In my adventures of experimenting around with the 64-bit ARM architecture, I noticed a peculiar speed difference depending on whether br
or ret
is used to return from a subroutine.
; Contrived for learning/experimenting purposes only, without any practical use
foo:
cmp w0, #0
b.eq .L0
sub w0, w0, #1
sub x30, x30, #4
ret
.L0:
ret ; Intentionally duplicated 'ret'
The intent of this subroutine is to make the caller of foo
"reenter" foo
w0
times by making foo
return to the instruction that called foo
in the first place (i.e. the instruction immediately before the one to which x30
points). With some rough timing, with w0
being some sufficiently high value, it took about 1362 milliseconds on average.
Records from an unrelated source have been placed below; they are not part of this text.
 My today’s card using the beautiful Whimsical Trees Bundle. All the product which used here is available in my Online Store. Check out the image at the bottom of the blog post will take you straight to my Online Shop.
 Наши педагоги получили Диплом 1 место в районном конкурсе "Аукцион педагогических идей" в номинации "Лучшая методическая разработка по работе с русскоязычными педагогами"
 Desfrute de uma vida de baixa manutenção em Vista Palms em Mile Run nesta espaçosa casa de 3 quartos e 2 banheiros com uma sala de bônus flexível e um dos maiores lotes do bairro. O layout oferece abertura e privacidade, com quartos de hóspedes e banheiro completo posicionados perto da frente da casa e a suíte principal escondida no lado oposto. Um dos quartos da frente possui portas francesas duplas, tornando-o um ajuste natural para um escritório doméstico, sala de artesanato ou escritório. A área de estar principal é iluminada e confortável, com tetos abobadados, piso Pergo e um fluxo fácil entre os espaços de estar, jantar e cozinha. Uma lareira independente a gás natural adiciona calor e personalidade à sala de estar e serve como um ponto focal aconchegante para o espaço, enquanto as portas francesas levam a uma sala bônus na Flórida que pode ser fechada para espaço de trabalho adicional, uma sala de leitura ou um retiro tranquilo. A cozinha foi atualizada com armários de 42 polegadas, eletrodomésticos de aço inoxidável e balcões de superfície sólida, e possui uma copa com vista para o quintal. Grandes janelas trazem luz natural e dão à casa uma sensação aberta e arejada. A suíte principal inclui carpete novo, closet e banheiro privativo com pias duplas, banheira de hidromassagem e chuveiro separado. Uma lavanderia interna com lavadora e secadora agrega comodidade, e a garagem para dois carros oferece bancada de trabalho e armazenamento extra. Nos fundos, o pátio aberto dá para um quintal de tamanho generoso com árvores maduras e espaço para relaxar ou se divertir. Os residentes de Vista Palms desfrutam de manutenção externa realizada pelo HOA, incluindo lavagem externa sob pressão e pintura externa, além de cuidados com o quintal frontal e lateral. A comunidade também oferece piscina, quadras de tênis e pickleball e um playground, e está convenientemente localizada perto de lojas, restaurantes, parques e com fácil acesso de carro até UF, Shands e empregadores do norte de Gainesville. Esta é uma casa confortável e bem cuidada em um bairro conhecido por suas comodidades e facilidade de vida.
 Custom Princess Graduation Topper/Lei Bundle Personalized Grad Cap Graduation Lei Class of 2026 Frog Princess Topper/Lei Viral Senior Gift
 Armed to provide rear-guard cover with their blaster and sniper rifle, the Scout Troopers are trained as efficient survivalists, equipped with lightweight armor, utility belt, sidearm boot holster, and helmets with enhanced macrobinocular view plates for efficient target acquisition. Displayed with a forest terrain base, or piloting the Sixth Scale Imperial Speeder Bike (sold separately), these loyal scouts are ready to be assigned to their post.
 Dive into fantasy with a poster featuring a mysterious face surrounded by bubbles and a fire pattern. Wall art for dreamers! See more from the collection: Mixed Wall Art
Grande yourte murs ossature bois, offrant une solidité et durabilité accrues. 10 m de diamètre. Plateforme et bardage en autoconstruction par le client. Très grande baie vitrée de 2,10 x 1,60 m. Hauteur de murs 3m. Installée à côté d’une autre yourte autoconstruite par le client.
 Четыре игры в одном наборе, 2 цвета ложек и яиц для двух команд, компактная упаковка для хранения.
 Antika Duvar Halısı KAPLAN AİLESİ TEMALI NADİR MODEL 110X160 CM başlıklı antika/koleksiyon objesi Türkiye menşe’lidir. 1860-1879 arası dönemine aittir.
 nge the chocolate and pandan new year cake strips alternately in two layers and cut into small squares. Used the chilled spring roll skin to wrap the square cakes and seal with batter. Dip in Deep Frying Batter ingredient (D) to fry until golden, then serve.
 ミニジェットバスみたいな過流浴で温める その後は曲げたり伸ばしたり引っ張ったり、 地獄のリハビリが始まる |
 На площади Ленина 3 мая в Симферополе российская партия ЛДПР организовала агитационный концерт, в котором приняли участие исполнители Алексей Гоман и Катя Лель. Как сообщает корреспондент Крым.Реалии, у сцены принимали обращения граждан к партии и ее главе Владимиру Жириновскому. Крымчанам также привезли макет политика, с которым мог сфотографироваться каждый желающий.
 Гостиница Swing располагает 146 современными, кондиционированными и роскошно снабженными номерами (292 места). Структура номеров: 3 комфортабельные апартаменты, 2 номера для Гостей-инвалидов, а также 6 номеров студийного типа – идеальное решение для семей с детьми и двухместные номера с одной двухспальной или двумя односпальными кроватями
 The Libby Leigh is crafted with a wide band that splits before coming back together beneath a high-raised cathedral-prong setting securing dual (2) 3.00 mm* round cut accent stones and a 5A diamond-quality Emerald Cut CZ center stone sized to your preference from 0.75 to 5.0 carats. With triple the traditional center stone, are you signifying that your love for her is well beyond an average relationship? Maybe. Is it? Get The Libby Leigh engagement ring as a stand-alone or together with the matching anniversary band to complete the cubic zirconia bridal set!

Curiously, replacing the first ret
with br x30
makes it run over twice as fast, taking only 550 milliseconds or so on average.
The timing discrepancy goes away if the test is simplified to just repeatedly calling a subroutine with a bare ret
/br x30
. What makes the above contrived subroutine slower with a ret
?
I tested this on some kind of ARMv8.2 (Cortex-A76 + Cortex-A55) processor. I'm not sure to what extent big.LITTLE would mess with the timings, but they seemed pretty consistent over multiple runs. This is by no means a real [micro]benchmark, but instead a "roughly how long does this take if run N times" thing.